Queste considerazioni determinanti andranno ridiscusse nel momento in cui saranno disponibili anticorpi anti-PD-1, in quanto i tassi di risposta obiettiva di malattia sono più elevati e i tempi necessari per ottenerla sono notevolmente più brevi rispetto al trattamento con Ipi9,10. Nel caso dei pazienti con malattia BRAF WT, i dati disponibili in letteratura sono ancora più limitati.
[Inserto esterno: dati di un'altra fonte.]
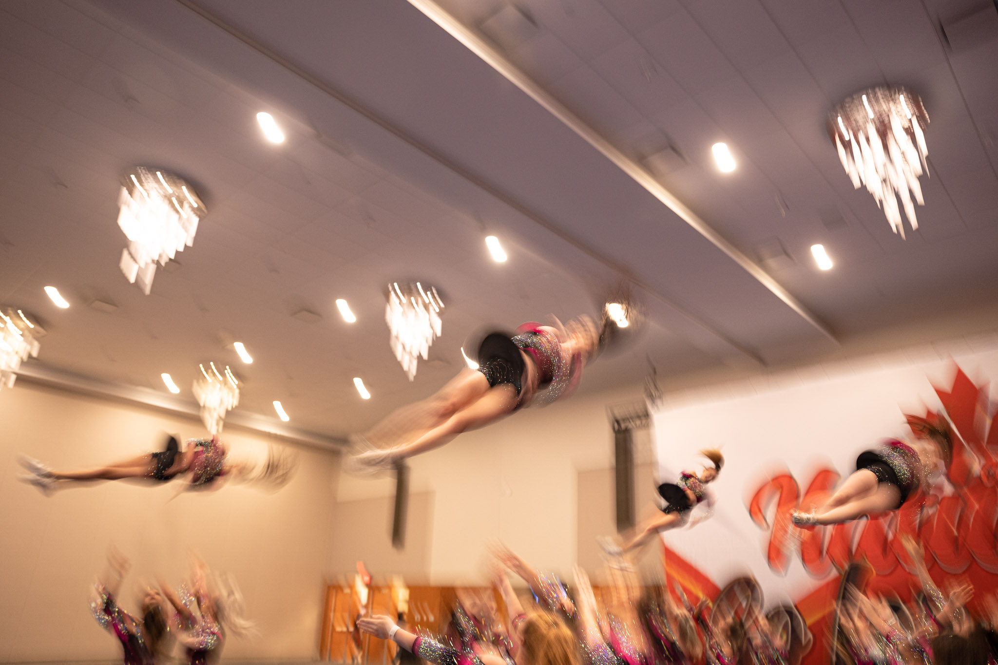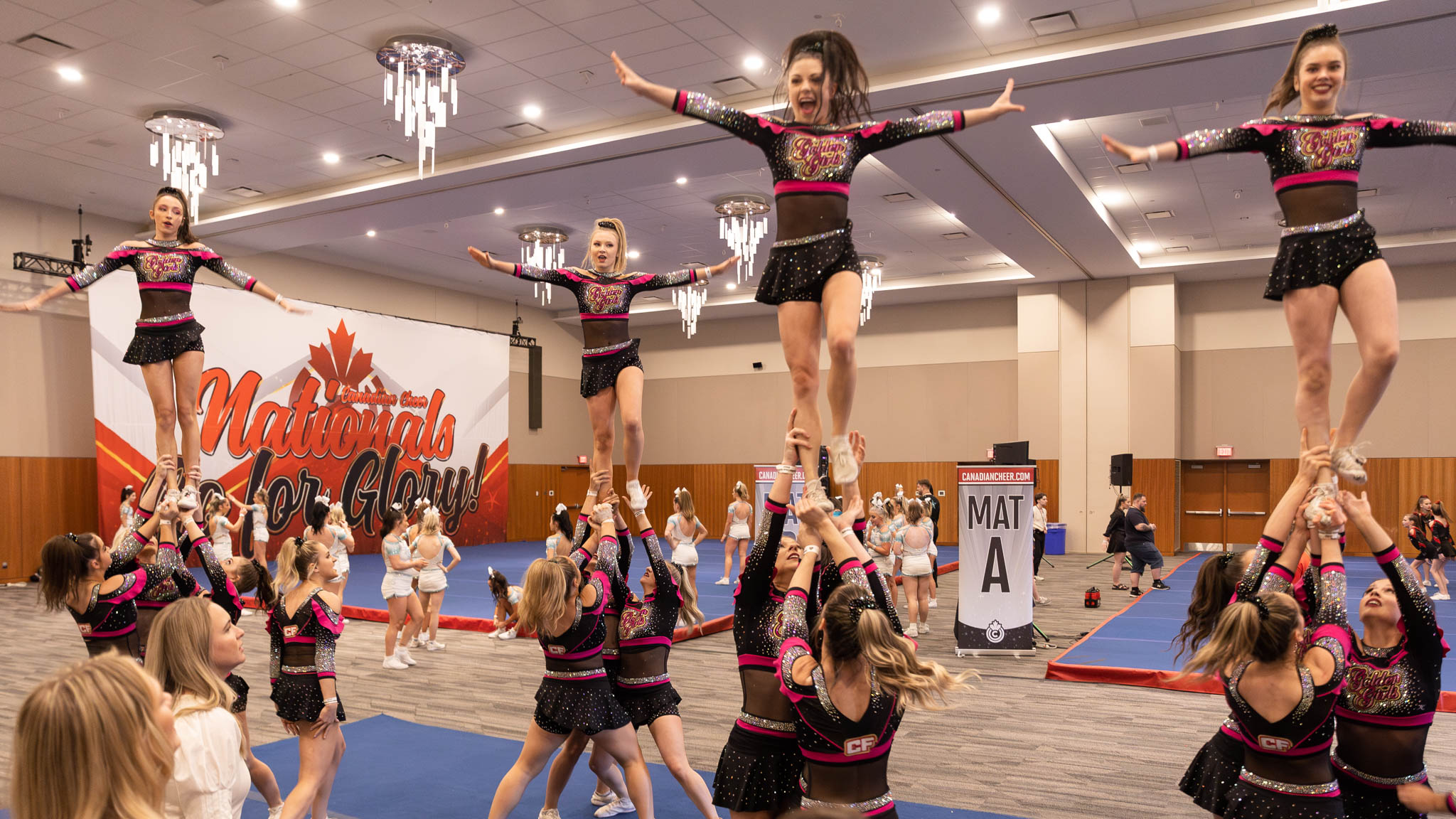 The GGs, as they called themselves, had done their warm-ups and gone through their rituals. They’d screamed together in the foyer of the Niagara Falls Convention Centre, shouting out the doubt and negativity, anything that could hold them back. They’d run their routine, working their pyramids and tumbling and baskets and dance over and over – and in their minds so many more times than that – until its relentless rhythm was as natural as breathing. They’d stretched into splits, lifted their legs into standing scales, flipped and tumbled down the practice mats. They’d stood swaying together in a circle, two dozen teenagers and women with their arms wrapped around each other, singing Lady Gaga at the top of their lungs.

In questi casi, compatibilmente con le condizioni cliniche generali del soggetto, la valutazione di protocollo clinico con agenti target (NRAS e CKit mutati), se disponibili, è mandatoria. Inoltre, le opzioni attualmente disponibili sono il trattamento con Ipi in prima linea o trattamento chemioterapico in considerazione del carico delle condizioni cliniche generali del paziente, del carico di malattia, della presenza o meno di metastasi cerebrali, e della velocità di progressione della malattia (figura 1).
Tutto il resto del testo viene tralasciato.